Dataset items:
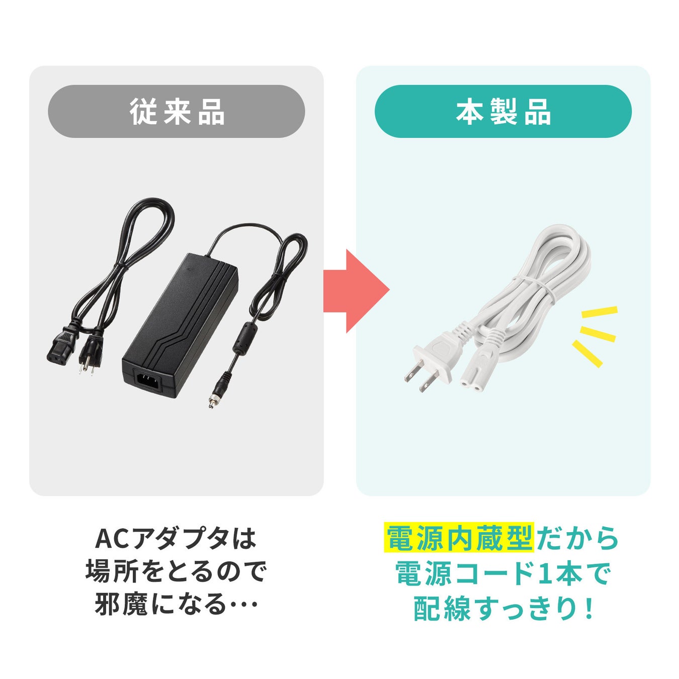 ACアダプタが不要。コード1本で配線できるので、コンセント周りがすっきりします。
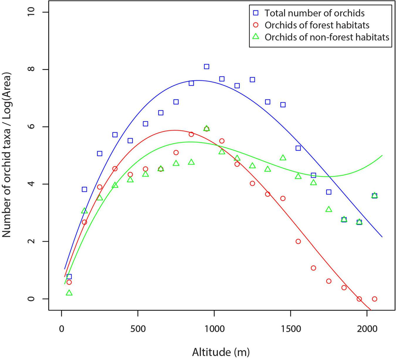 Regression analysis showed a significant effect of altitude on orchid species richness in both forest and non-forest habitats (Table 1 and Figure 4). Both orchids of forest habitats and orchids of non-forest habitats showed a hump-shaped relationship with the altitudinal gradient, peaking between 901 and 1,000 m (Figure 4). In the altitudinal zone from 0 to 1,100 m, the richness of orchids of forest habitats is generally higher than the richness of orchids of non-forest habitats (Figure 4). However, with increasing altitude (from 1,101 to 2,100 m), the richness of orchids of non-forest habitats is higher than the richness of orchids of forest habitats (Figure 4).
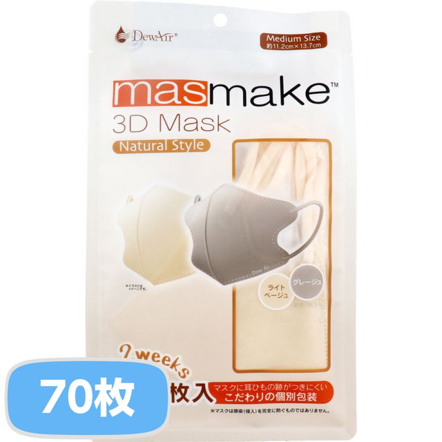 マスク 立体マスク 不織布 デュウエアー 3D ミディアムサイズ ライトベージュ・グレージュ 5袋 70枚入
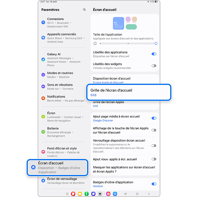 Comment définir des dispositions d'Écran d'accueil distinctes pour les modes portrait et paysage sur votre tablette Galaxy
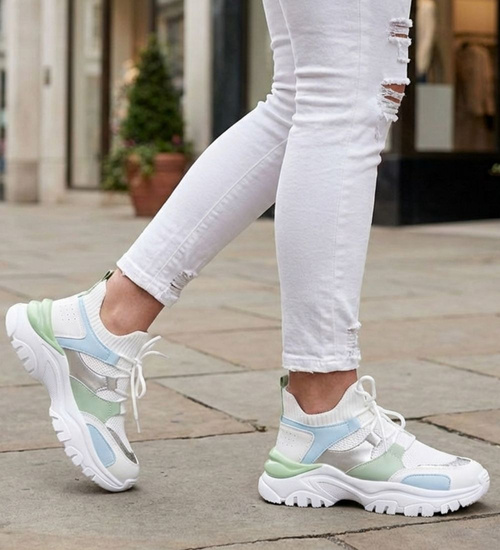 - Model wyróżnia się białym wierzchem urozmaiconym kolorowymi akcentami w odcieniach zieleni, srebra i błękitu.

_Task:_
Exactly as written, give the entries above again, with no images.

_Response area:_
 ACアダプタが不要。コード1本で配線できるので、コンセント周りがすっきりします。
 Regression analysis showed a significant effect of altitude on orchid species richness in both forest and non-forest habitats (Table 1 and Figure 4). Both orchids of forest habitats and orchids of non-forest habitats showed a hump-shaped relationship with the altitudinal gradient, peaking between 901 and 1,000 m (Figure 4). In the altitudinal zone from 0 to 1,100 m, the richness of orchids of forest habitats is generally higher than the richness of orchids of non-forest habitats (Figure 4). However, with increasing altitude (from 1,101 to 2,100 m), the richness of orchids of non-forest habitats is higher than the richness of orchids of forest habitats (Figure 4).
 マスク 立体マスク 不織布 デュウエアー 3D ミディアムサイズ ライトベージュ・グレージュ 5袋 70枚入
 Comment définir des dispositions d'Écran d'accueil distinctes pour les modes portrait et paysage sur votre tablette Galaxy
 - Model wyróżnia się białym wierzchem urozmaiconym kolorowymi akcentami w odcieniach zieleni, srebra i błękitu.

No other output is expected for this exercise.